We’ve just got back from the Social Enterprise Mark conference in Birmingham. This annual event brings together people from all over the UK and beyond. The theme was Growth for Good and how certification and standards can help businesses grow, be accountable and transparent.
The event kicked off with a key-note speech by Andrew Brewerton, Principal of Plymouth College Art. In a thought-provoking talk, Andrew challenged us to come up a ‘proposition’ for our work and life. PCA is a Gold Standard Social Enterprise Mark holder and delivers a mission of creative learning and social justice. Their ten-point manifesto includes statements such as “Making is as important as reading, writing, science and maths;” “Art is not about life, it is about living” and “The purpose of learning is inseparable from that of living your life.”
This was followed by presentations from several social enterprises about their work: County Print Finishers from Oxford talked about the power of transformation that social enterprises can bring to individuals. Yateley Industries from Hampshire described their fantastic history and recent challenges and York St John University presented how a social enterprise university is making a difference by helping to create a healthy economy.

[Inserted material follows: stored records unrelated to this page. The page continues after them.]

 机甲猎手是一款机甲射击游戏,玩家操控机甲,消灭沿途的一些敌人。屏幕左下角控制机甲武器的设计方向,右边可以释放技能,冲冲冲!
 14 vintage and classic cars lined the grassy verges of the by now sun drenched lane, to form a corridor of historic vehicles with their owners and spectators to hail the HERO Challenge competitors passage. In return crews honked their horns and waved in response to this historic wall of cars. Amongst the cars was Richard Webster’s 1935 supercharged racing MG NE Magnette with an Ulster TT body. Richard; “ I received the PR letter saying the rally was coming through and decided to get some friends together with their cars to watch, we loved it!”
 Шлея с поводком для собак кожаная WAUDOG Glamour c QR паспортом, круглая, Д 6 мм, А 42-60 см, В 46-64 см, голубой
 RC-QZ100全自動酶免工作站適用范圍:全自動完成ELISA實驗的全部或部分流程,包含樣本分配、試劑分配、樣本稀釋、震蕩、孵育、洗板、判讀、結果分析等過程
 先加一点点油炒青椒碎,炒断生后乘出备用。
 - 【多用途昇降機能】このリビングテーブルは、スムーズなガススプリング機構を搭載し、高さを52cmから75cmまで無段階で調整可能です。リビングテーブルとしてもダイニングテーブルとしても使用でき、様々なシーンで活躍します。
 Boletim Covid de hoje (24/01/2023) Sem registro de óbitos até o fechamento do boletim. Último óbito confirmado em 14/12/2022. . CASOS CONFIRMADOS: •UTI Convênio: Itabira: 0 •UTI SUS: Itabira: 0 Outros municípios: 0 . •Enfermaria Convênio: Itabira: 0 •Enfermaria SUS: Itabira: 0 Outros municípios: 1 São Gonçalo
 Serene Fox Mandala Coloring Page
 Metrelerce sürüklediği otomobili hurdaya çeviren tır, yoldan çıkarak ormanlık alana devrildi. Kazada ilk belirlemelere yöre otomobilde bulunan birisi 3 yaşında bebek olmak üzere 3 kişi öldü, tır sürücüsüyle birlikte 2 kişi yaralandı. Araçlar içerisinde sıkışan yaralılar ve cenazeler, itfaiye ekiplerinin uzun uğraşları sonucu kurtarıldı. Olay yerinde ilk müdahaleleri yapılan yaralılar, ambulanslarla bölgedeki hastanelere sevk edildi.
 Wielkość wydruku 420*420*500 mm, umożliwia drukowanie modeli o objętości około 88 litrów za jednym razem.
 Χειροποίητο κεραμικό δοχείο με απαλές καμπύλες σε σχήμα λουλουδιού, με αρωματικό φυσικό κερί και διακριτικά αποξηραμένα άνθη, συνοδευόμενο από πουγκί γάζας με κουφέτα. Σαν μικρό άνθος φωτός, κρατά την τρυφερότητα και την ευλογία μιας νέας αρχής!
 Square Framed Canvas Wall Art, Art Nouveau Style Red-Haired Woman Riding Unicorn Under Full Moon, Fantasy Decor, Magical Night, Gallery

Day two started with a challenging talk about ‘Towards a human economy’ from Alex Maitland from Oxfam. Openly describing some of the issues Oxfam is facing at the moment around sexual misconduct and abuse of power, he delivered a presentation full of facts about world inequality and poverty. Statistics that stood out included that 1% of people on earth have bagged 87% of the wealth; $1.3 trillion was paid in dividends in 2017 and that an estimated $7.6 trillion is hidden in offshore tax havens that evade tax. Alex explained Oxfam’s policy towards trying to procure from businesses that stood for ‘profit, purpose and people.’
The next panel session saw Jeremy Nicholls of Social Value International explain how he thought accounting and company law needed to change to help build a fairer economy. We particularly liked the laser focus Jeremy brought to his proposition about where these changes were needed and how, especially in accountancy, the amendments to regulations were not actually that radical in an industry that is seemingly crying out for transformation.
We were then part of a panel debate on the certification process itself. Joined by colleagues from Sweden and Scotland the panel discussed how accreditation provided rigour and accountability. Paul Devoy, CEO of Investors in People, described their journey from government to an independent social enterprise and how mental heath is a missing component in economic strategy making. Erika Augustinsson from MSI Sweden talked about how social enterprise in Sweden is looking for an accreditation standard to help define and promote the sector.
Our take on this debate was how, if the UK wants to develop a more inclusive, prosperous economy, then economic policy should focus on supporting and developing social enterprises. It is social enterprises that are paying fairly, setting up in disadvantaged areas and applying their work and profits to achieving social missions. These missions are locked in and, unlike standard businesses who claim they have ‘purpose’ and are ‘corporately and socially responsible’, the Social Enterprise Mark and other accreditations can prove this and provide a response to any accusation of greenwashing.